Data access and discovery
Contents
Data access and discovery#
Context#
We will be using Long Term Statistics (1999-2019) product provided by the Copernicus Global Land Service over Lombardia and access them through S3-compatible storage. We will also explore Sentinel-2 Cloud-Optimised Dataset online through SpatioTemporal Asset Catalogs (STAC).
Setup#
This episode uses the following main Python packages:
s3fs [S3FsDTeam16]
Please install these packages if not already available in your Python environment.
Packages#
In this episode, Python packages are imported when we start to use them. However, for best software practices, we recommend you to install and import all the necessary libraries at the top of your Jupyter notebook.
Introduction to the Long Term statistics#
CGLS LTS are computed over a time span of 20 years aggregated over separate 10-day periods (month/01,month/11, month/21). For each date the long term minimum, maximum, mean, median and standard deviation are computed.

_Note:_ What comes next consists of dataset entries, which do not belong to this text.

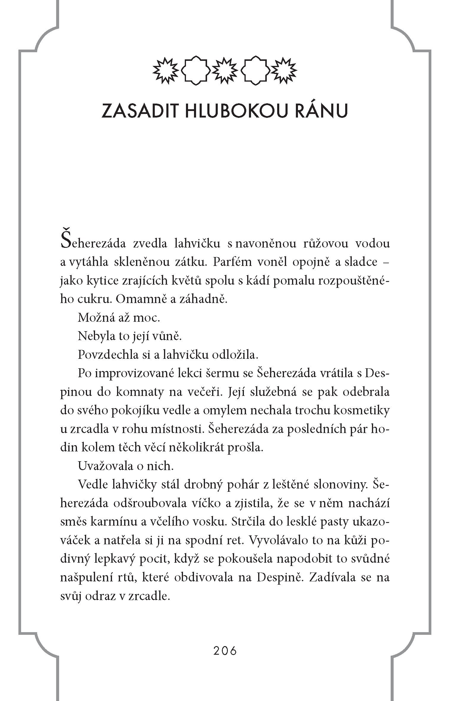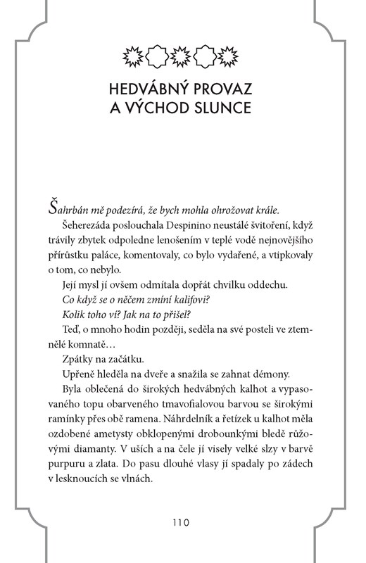 V tomto napínavém převyprávění Tisíce a jedné noci okouzluje Šeherezáda noc za nocí kalifa svými příběhy, a získává tak další dny života. Ale jestli je Chálid doopravdy takové monstrum, jak je potom možné, že se do něj Šeherezáda zamiluje? A znamená v tomto světě plném tajemství láska vůbec něco?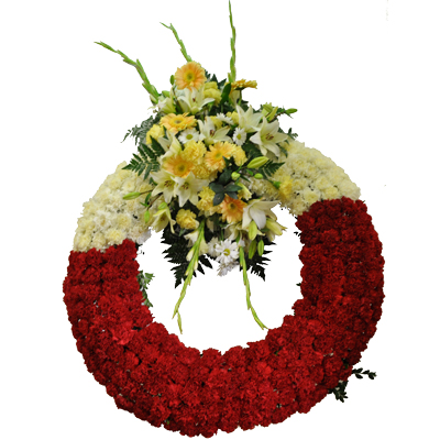 Descripcion: Corona Funeraria con cabecero, realizada con una selección especial de flores (Según la temporada de flor). Precio final (Impuestos y gastos de envio en la ciudad de Cartagena y Periferia incluidos en el precio). Se lo podemos entregar hoy o el dia que usted elija. Si desea que lo enviemos a cualquier otro lugar de la provincia de Murcia, consultenos por telefono el coste de dicho envio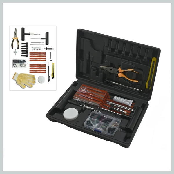 Ez a gyors gumiabroncsjavító készlet lehetővé teszi a tubeless gumiabroncsok gyors javítását anélkül, hogy eltávolítanánk a gumit a felniről. A készlet autók, motorok, ATV-k és egyéb járművek tubeless gumiabroncsaihoz használható.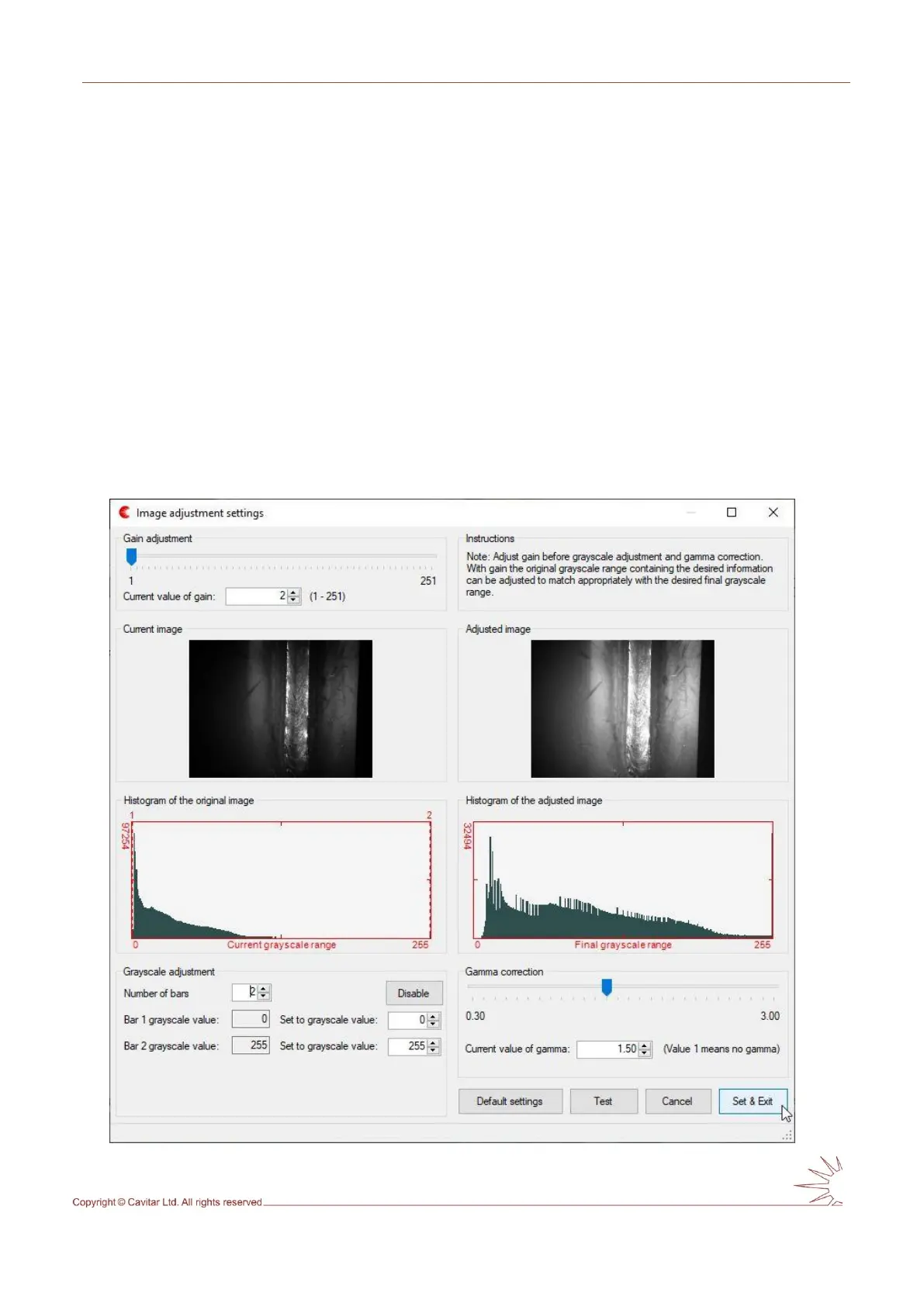 Fig. 5.14. Effect of applying gain and gamma correction (after pressing “Test”).

S3-compatible Object Storage to access online data#
Up to now we have downloaded data locally and then opened with Xarray open_dataset
. When willing to manipulate large amount of data, this approach is not optimal (since it requires a lot of unnecessary local downloads). Sharing data online as Object Storage allows for data sharing and access to much larger amounts of data.
One of the most popular methods to access online remote data is through Amazon Simple Storage Service (S3) and you don’t necessarily need to use Amazon services to benefit from S3 object storage. Many other providers offer S3-compatible object storage that can be accessed in a very similar way.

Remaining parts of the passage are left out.